▸ Instructions for the task
Leaving out the pictures, copy each record below exactly.

▸ Supplied material

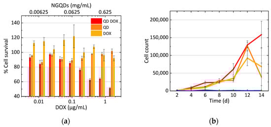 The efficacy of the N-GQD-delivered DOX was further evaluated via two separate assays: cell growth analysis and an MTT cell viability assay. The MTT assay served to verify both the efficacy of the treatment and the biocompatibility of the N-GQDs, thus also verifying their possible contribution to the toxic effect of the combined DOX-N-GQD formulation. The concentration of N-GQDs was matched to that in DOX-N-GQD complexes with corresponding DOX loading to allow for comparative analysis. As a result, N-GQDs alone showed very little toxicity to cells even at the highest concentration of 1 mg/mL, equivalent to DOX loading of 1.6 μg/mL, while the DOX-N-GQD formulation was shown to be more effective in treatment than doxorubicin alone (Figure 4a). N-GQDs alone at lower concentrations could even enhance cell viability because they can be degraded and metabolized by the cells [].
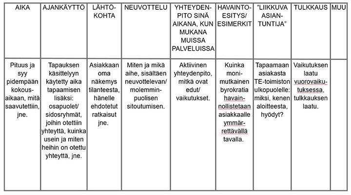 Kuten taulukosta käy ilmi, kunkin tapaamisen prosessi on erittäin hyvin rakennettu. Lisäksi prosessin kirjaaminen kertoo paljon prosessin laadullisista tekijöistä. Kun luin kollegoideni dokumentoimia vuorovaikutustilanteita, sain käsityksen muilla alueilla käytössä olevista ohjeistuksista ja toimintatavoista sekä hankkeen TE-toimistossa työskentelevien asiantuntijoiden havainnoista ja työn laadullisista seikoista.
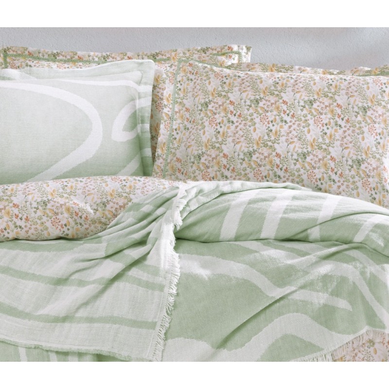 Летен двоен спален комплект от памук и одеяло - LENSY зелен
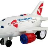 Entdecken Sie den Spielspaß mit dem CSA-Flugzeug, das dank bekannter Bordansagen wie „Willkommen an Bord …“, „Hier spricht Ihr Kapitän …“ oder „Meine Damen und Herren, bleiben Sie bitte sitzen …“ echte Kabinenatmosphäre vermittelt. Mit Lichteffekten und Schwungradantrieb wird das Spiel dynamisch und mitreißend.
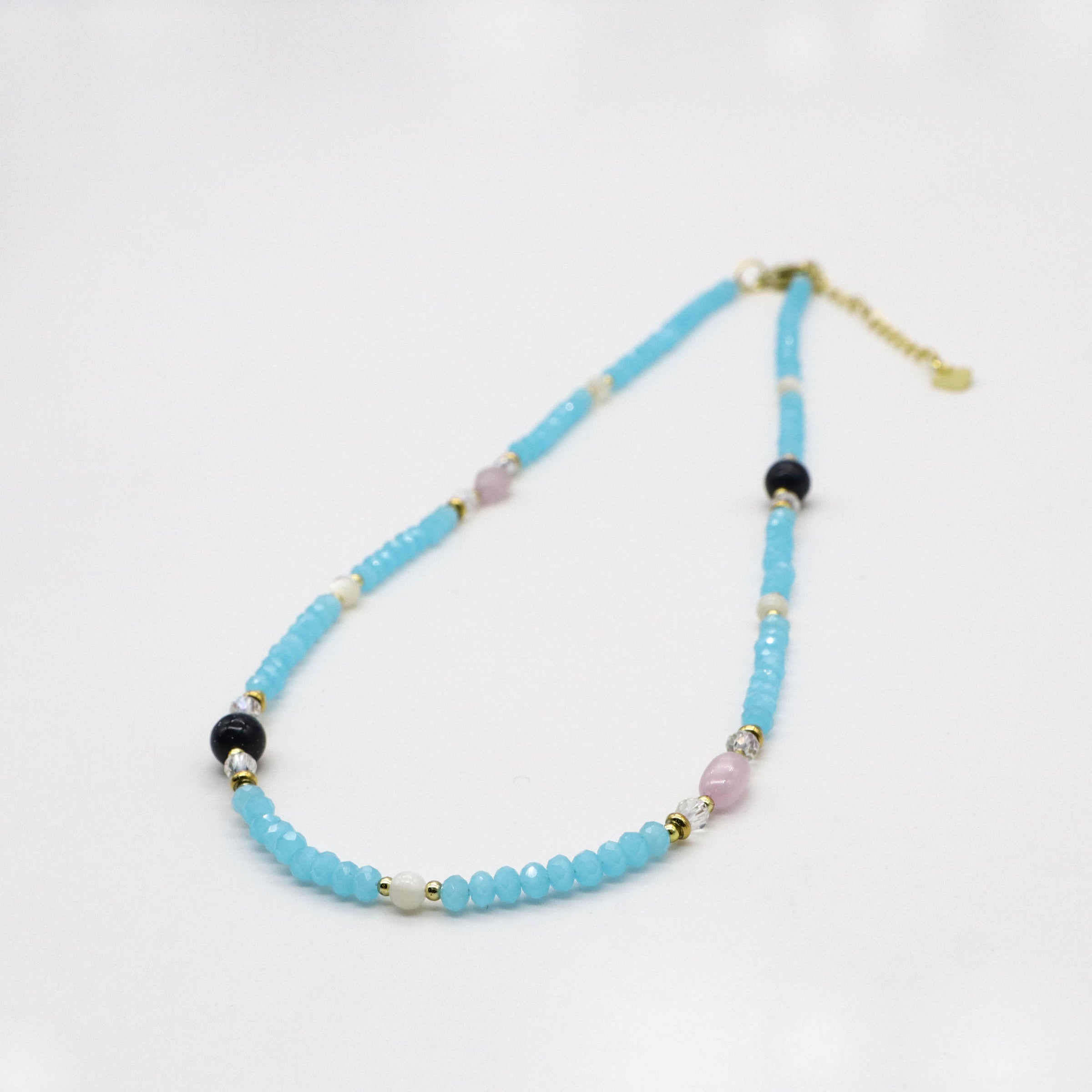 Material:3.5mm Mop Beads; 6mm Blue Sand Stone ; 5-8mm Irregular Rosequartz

▸ Response below
 The efficacy of the N-GQD-delivered DOX was further evaluated via two separate assays: cell growth analysis and an MTT cell viability assay. The MTT assay served to verify both the efficacy of the treatment and the biocompatibility of the N-GQDs, thus also verifying their possible contribution to the toxic effect of the combined DOX-N-GQD formulation. The concentration of N-GQDs was matched to that in DOX-N-GQD complexes with corresponding DOX loading to allow for comparative analysis. As a result, N-GQDs alone showed very little toxicity to cells even at the highest concentration of 1 mg/mL, equivalent to DOX loading of 1.6 μg/mL, while the DOX-N-GQD formulation was shown to be more effective in treatment than doxorubicin alone (Figure 4a). N-GQDs alone at lower concentrations could even enhance cell viability because they can be degraded and metabolized by the cells [].
 Kuten taulukosta käy ilmi, kunkin tapaamisen prosessi on erittäin hyvin rakennettu. Lisäksi prosessin kirjaaminen kertoo paljon prosessin laadullisista tekijöistä. Kun luin kollegoideni dokumentoimia vuorovaikutustilanteita, sain käsityksen muilla alueilla käytössä olevista ohjeistuksista ja toimintatavoista sekä hankkeen TE-toimistossa työskentelevien asiantuntijoiden havainnoista ja työn laadullisista seikoista.
 Летен двоен спален комплект от памук и одеяло - LENSY зелен
 Entdecken Sie den Spielspaß mit dem CSA-Flugzeug, das dank bekannter Bordansagen wie „Willkommen an Bord …“, „Hier spricht Ihr Kapitän …“ oder „Meine Damen und Herren, bleiben Sie bitte sitzen …“ echte Kabinenatmosphäre vermittelt. Mit Lichteffekten und Schwungradantrieb wird das Spiel dynamisch und mitreißend.
 Material:3.5mm Mop Beads; 6mm Blue Sand Stone ; 5-8mm Irregular Rosequartz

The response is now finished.